The variants allow the user to store any kind of data as payload. An alternative, more limited, approach would be to implement a union of various possible types.

A function capable of handling an event looks like this:

typedef std::function<void(EventData&)> EventHandlerFunction;

We store these functions in the EventSystem class:

#include <algorithm>
#include <utility>

class EventSystem : public Singleton<EventSystem> {
private: // data
  // Stores a handler function and its id.
  typedef pair<size_t, EventHandlerFunction> IdHandlerPair;
  // Stores all event handlers mapped by name.
  unordered_map<string, vector<IdHandlerPair>> eventHandlerMap;

public: // methods
  // Adds a handler given its event name, handler function, and an optional unique id.
  size_t AddHandler(const string& eventName, EventHandlerFunction fn, size_t id = GenerateHandlerId()) {
    eventHandlerMap[eventName].push_back(make_pair(id, move(fn)));
    return id;
  }

  // Returns whether the event exists in the system.
  bool Exists(const string& name) const { return eventHandlerMap.find(name) != eventHandlerMap.end(); }

  // Returns a unique id for event handlers.
  static size_t GenerateHandlerId() {
    static size_t id = 0;
    return id++;
  }
  
  // Removes an event handler given the event name and id.
  void RemoveHandler(const string& eventName, size_t id) {
    vector<IdHandlerPair>& handlerPairs = eventHandlerMap[eventName];

    // Find the handler matching the given id.
    auto it = find_if(
      handlerPairs.begin(),
      handlerPairs.end(),
      [&](IdHandlerPair& pair) { return pair.first == id; });
    if (it == handlerPairs.end()) return;

    // Erase the handler from the array.
    handlerPairs.erase(it);
  }

Singleton<T> looks like this. A handler identifier is stored so we can find which handler to remove when the object handling the event is destroyed. A lambda is sent into find_if to find the handler with the matching id.

Invoking the event:

// Call an event with data.
size_t Invoke(string name, EventData& data) {
  if (!Exists(name)) return 0;

  // Get the map of event handlers, /then/ move 'name' into the EventData structure.
  auto& handlers = eventHandlerMap[name];
  data.eventName = move(name);

  // Call all handlers registered for this event. Called in reverse order so on-destruction events will clean up in the correct order.
  for (auto it = handlers.rbegin(); it != handlers.rend(); ++it) it->second(data); 

  return handlers.size();
}

// Call an event with no data.
size_t Invoke(string name) {
  EventData data;
  return Invoke(move(name), data);
}

We early-out if the event hasn't been registered. The handlers are called in reverse order to ensure that on-destruction messages are received in reverse order. The second Invoke is a convenience function in case no data is necessary.

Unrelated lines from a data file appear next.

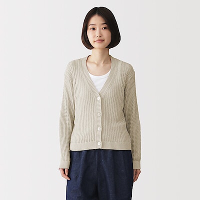 リネン混透かし編みⅤネックカーディガンの2アイテムです。
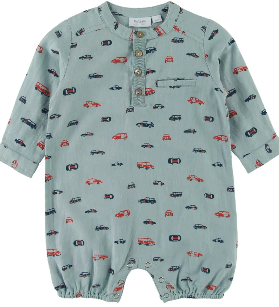 Smart Noa Noa miniature sommerdragt i lyseblå med et allover-print af røde og mørkeblå biler.
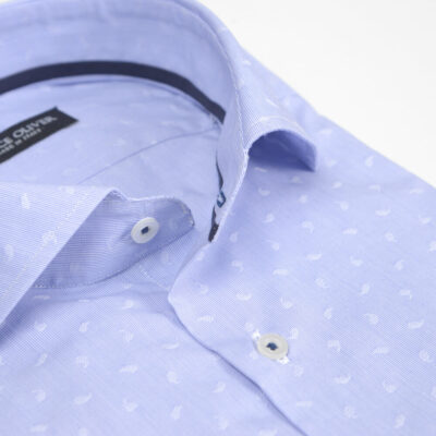 Superior Πουκάμισο Σιέλ με Μικροσχέδιο 100% Fine Cotton (Modern Fit)
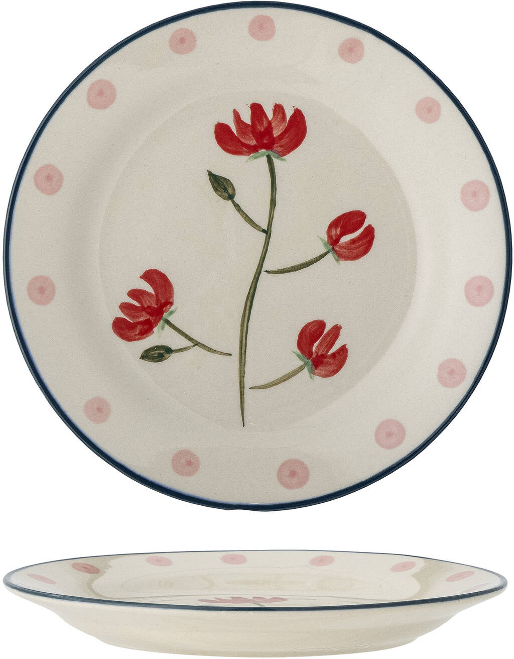 Ninette Tallerkenen fra Bloomingville MINI er en smuk og unik tallerken, der er håndmalet med en flot rød blomst i midten. Kanten er dekoreret med prikker, der giver tallerkenen et ekstra touch af charme. Denne tallerken er perfekt til servering af din yndlingsret og vil tilføje en ekstra dimension til dit spisebord. Bemærk, at produktet kan variere, da det er håndmalet.Mål:
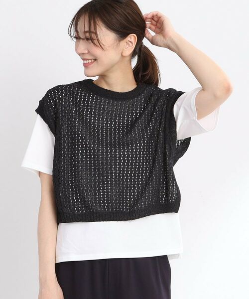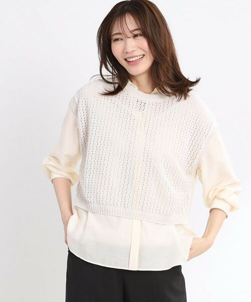 ケーブルとメッシュの編地が軽ろかで、甘過ぎない柄のニットベスト。

That's essentially it--we have a global EventSystem which we can register event handlers with and invoke with a customized payload. There's one more cool thing we can do though. The user currently needs to call AddHandler on creation and RemoveHandler on destruction of their object in order to register and unregister their handler(s). We can create a wrapper object so the user doesn't need to call either.

class EventHandler {
private: // data
  // Name of the event being listened for.
  string eventName;
  // Unique id of this handler.
  size_t id = (size_t) -1;

public: // methods

  // Constructs the handler from an event name and function object.
  EventHandler(string eventName_, function<void(EventData&)> fn) 
    : eventName(move(eventName_)), id(EventSystem::GenerateHandlerId()) {
    EventSystem::Instance().AddHandler(eventName, move(fn), id);
  }

  // Constructs the handler from an event name, a 'this' pointer, and a pointer to the member function handling the event.
  template <class ThisType, class MemberFunctionPointer>
  EventHandler(string eventName_, ThisType* this_, MemberFunctionPointer memfn) :
    EventHandler(move(eventName_), [=](EventData& data) { (this_->*memfn)(data); }) {}

  // Cannot copy or move event handler because a previously captured 'this' pointer may be pointing to an invalid object after the copy.
  EventHandler() = delete;
  EventHandler(const EventHandler&) = delete;
  EventHandler& operator=(const EventHandler&) = delete;
  EventHandler(EventHandler&&) = delete;
  EventHandler& operator=(EventHandler&&) = delete;

  // Unregisters the event handler from the global event system.
  ~EventHandler() { Clear(); }

  // Unregisters the event handler from the global event system.
  void Clear() { EventSystem::Instance().RemoveHandler(eventName, id); }
};

The object registers the event handler with the global event system. The second constructor uses a lambda to store the this pointer and member function pointer in a closure. When the resulting EventHandlerFunction is called, the member function will be called. Copy constructor and assignment must be deleted because we don't want to copy the this pointer across objects; it must be reset every time.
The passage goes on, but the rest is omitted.